Before the Bayesian analysis, the indicators were normalized. Table 3 and Table 4 report the marginal posterior distribution for the intraclass correlation coefficient denoted by the intraclass correlation coefficient (ICC), which indicates the proportion of the variation in the scores for stress/anxiety that are caused by the between-groups heterogeneity. The independent variables are stress and anxiety, and the dependent variables include the environment, age, and the specialization.
On average, 76.3% of the variation in stress scores is due to the heterogeneity between males and females, while 82.6% of the variation in anxiety scores is also caused by this type of heterogeneity. Table 3 also presents the marginal posterior distributions of the reliabilities of the estimates of the random intercepts and random slope parameters over the groups.

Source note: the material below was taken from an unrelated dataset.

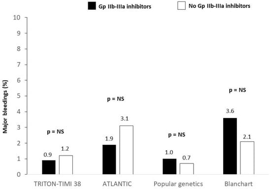 GP IIb–IIIa inhibitors were initially associated with a substantial increase in the risks of bleeding complications, and the later addition of oral P2Y12 inhibitors heightened the concern about bleeding. However, data from TRITON-TIMI 38 [], despite the prevalent use of a femoral artery approach, showed that the use of GP IIb–IIIa inhibitors was associated with a similar risk of major bleeding (1.2% vs. 0.9%) and intracranaial bleeding (0.1% vs. 0%) (Figure 7). Similar findings were observed in the ATLANTIC study [], in which ticagrelor was studied, where the routine use of GP IIb–IIIa inhibitors did not increase the risk of bleeding complications. Most importantly, the switch to a radial artery approach instead of a femoral artery approach significantly reduced the risk of access-site bleeding []. A subanalysis of the Popular Genetics trial, in which 90% of 2378 patients were treated with ticagrelor and 85% with a radial approach, showed that GP IIb–IIIa administration was associated with fewer thrombotic events (hazard ratio (HR), 0.22; 95% confidence interval (CI), 0.09–0.55); fewer MIs (HR, 0.24; 95% CI, 0.08–0.73) and an increase in minor bleedings (HR, 2.32; 95% CI, 1.43–3.76), but no difference in major bleeding (HR, 0.69; 95% CI, 0.19–2.57) was found []. An Italian registry conducted between 2015 and 2018, including 472 STEMI patients undergoing PPCI who were treated with prasugrel or ticagrelor and a periprocedural high-dose bolus of tirofiban, showed a low rate of BARC (2.1%) and 3–5 BARC (1%) bleeding despite the bolus being followed for up to 18 h by a tirofiban infusion in 65% of the population []. A recent meta-regression analysis showed that the mortality benefit of the radial artery approach was significantly modulated by the use of GP IIb–IIIa inhibitors []. In fact, the greater benefit of a radial access was observed in studies with a greater use of these drugs. A recent meta-analysis of studies of GP IIb–IIIa inhibitors in STEMIs [], in which the data were separated into studies reported in 1998–2007 vs. 2008–2016, found that the major bleeding rates were 5.8 vs. 4.3% (p = 0.04) among those treated with or without GP IIb–IIIa inhibitors, respectively, in the early time period and 3.5 vs. 2.4% (p = 0.05) the later time period. Thus, even with the introduction of the more potent P2Y12 oral agents, the major bleeding rate in the later period was actually lower that in the control group in the early period.

In addition, 78.6% of the variation in the score for stress is subjected to heterogeneity between the study specializations, while 73.2% of the variation in the anxiety scores is caused by this heterogeneity. If the entire sample is analyzed, age, specialization, and environment are significant causes for stress, while none of the factors are causes for anxiety (see Table 4 that follows).
Finally, the results of the group analysis revealed that labor status, environment, and age are associated with stress and anxiety (even though they might not be the causes), while gender is also a factor that might lead to anxiety. Therefore, it becomes clear that university students represent quite a vulnerable group that might exhibit various health and mental health-related problems that require immediate attention and support when something massive and unexpected, such as the COVID-19 pandemic, strikes and the usual ways of studying at HEIs and residing in dorms or any other student accommodation are distorted. The introduction of the online education surely presented a solution of how to maintain the operation of the HEIs during the COVID-19 pandemic, but it also caused adverse effects such as the feelings of loneliness and discomfort, as well as physical detachment from friends and colleagues.

5. Conclusions

Overall, the COVID-19 pandemic has introduced a substantial array of stresses to many students’ lives threatening their mental health and well-being. It becomes clear that efficient and inclusive access to specialized services and psychological help for vulnerable students might be needed.

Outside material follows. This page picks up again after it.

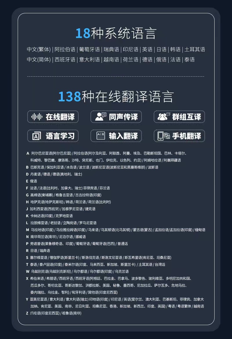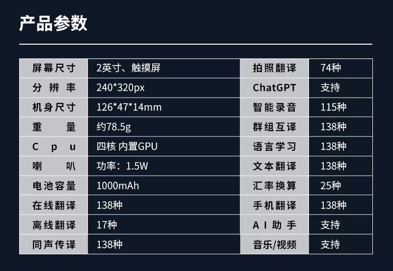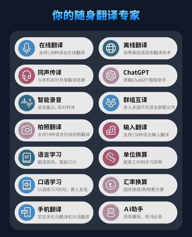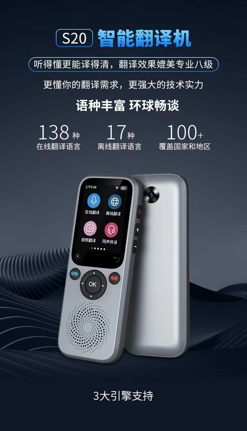 s20智能翻译机多国语言离线拍照AI翻译出国旅游随身同声 互译语音

Our results from the online questionnaire survey administered in the Czech Republic and Russia between November 2021 and February 2022 revealed that more than 87% of the students in our sample yielded medium to high vulnerability to stress, while 58% of the students were affected by severe anxiety during the online education caused by the COVID-19 pandemic and lockdowns. The most important factors contributing to stress and anxiety were the fear of being infected and social distancing, while the best strategy to cope with the stress appeared to be self-control. This finding leads to the conclusion that sports and relaxation need to be promoted as a good basis for building and sustaining effective self-control.

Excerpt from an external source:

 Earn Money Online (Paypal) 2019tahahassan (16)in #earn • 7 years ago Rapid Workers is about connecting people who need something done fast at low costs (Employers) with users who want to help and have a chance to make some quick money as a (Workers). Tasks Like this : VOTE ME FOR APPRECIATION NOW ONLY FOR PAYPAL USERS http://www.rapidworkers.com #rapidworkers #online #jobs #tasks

Hence, a broader approach to well-being and staying mentally healthy (the one that will constitute the “new normal” after the COVID-19 pandemic) needs to consider the socio-economic impacts of the pandemic on families and wider communities, and the implications for higher education. In addition to the need to offer additional services for vulnerable students, the COVID-19 pandemic may be an opportunity to build a well-being culture at HEIs. Adopting a holistic approach to education should incorporate the students’ learning, social, and emotional needs, and require that governments work collaboratively with other relevant agencies, such as healthcare and community organizations, social service agencies, and other supportive services, to meet the complex needs of the more vulnerable students during and following the coronavirus crisis. The framework for supporting students, families, and educators in their return to school during and following the COVID-19 pandemic, with priority given to students’ health and safety, social and emotional needs, as well as other supports, and behavioral and academic growth needs to be created and sustained.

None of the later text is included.